Figure 4a and b represents the bifurcation diagram of logistic map for 100 and 1000 iterations respectively for Xn Vs X(n + 1). Figure 4c and d represents the bifurcation diagram of logistic map for 100 and 1000 iterations respectively for X(n + 1) Vs r. From the figures, it is clear that randomness of the logistic map has become more complex as increasing the number of iterations.

Fig. 4

a and b bifurcation diagram of logistic map for Xn Vs X(n + 1) for 100 and 1000 iterations respectively. c and d bifurcation diagram of logistic map for X(n + 1) Vs r for 100 and 1000 iterations respectively

For example, to generate permutation matrix of size 128 × 128, the logistic map is iterated 1000, 1500 and 2000 times. Let r = 3.989 and Xn = 0.449, then the output of the logistic map equals.

$$ \mathrm{X}\left(\mathrm{n}+1\right)=\Big\{0.987,0.052,0.195,0.627,0.933,0.251,0.749,0.749,0.749,0.749,0.75,0.749,0.75,0.747,0.754,0.74,0.767,0.712,0.817,0.595,0.961,0.15,0.508,0.997,0.012,0.047,0.179,0.587,0.967,0.128,0.445,0.985,0.059,0.221,0.687,0.857,0.489,0.997,0.013,0.051,0.193,0.621,0.938,0.231,0.708,0.825,0.576,0.974,0.1,0.36,0.919,0.297,0.834,0.553,0.986,0.055,0.209,0.659,0.896,0.371,0.931,0.257,0.762,0.724,\dots \dots \dots \dots \dots \dots \dots \dots \dots . $$

After sorting the values in ascending order, the new indices of these values will be used to fill the permutation matrix.

$$ \mathrm{Y}=\Big\{62,5,13,30,55,17,41,40,42,39,43,38,44,37,45,36,47,34,48,28,57,10,24,64,1,3,11,27,13\ 58,9,22,60,7,15,32,51,23,63,2,4,12,29,56,16,33,49,26,59,8,20,53,19,50,25,61,6,14,31,52,21,54,18,46,35,\dots \dots \dots \dots \dots \dots \dots \dots \dots \dots \dots \dots \dots \dots \dots \dots \dots \dots \dots \dots \dots \dots \dots . $$

Figure 5(a–c) represents the permutation sequence matrix formed from the logistic chaotic sequences after iterating 1000, 1500 and 2000 times respectively. From the figure, it is clear that the randomness of the permutation matrix increases along with the iterations of the logistic map.

Fig. 5

a–c Permutation matrix formed from chaotic sequences after 1000, 1500 and 2000 iterations

2.2 Spectrum sensing using cognitive radio

In the proposed scheme, initial spectrum sensing is done using USRP, and then the unused spectrum is identified to transmit the encrypted biomedical images. The following steps explain the spectrum sensing concept.

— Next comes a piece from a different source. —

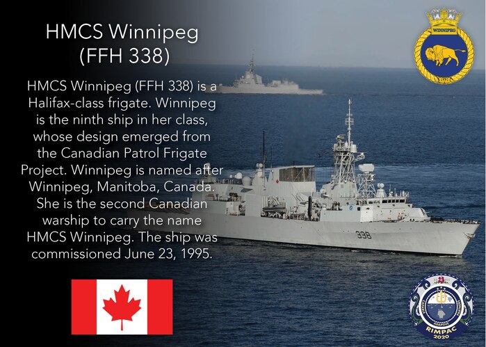 SAN DIEGO (Aug. 23, 2020) An infographic highlighting the Royal Canadian Navy ship HMCS Winnipeg (FFH 338) participation in Exercise Rim of the Pacific 2020 (RIMPAC). Ten nations, 22 ships, one submarine, and more than 5,300 personnel are participating in RIMPAC from August 17 to 31 at sea around the Hawaiian Islands. RIMPAC is a biennial exercise designed to foster and sustain cooperative relationships, critical to ensuring the safety of sea lanes and security in support of a free and open Indo-Pacific region. The exercise is a unique training platform designed to enhance interoperability and strategic maritime partnerships. RIMPAC 2020 is the 27th exercise in the series that began in 1971. (U.S. Navy graphic illustration by Mass Communication Specialist 2nd Class Natalie M. Byers)

• Step 1: Initially, a USRP transmitter is acting as a primary user and the receiver USRP will be performing sensing of the primary data.

• Step 2: From the available spectrum, the unused spectrum is sensed using energy detector technique as follows:

• The received signal is represented as y(n) = s(n) + w(n) where s (n) is the signal to be detected and w (n) is the Additive White Gaussian Noise and n is the index.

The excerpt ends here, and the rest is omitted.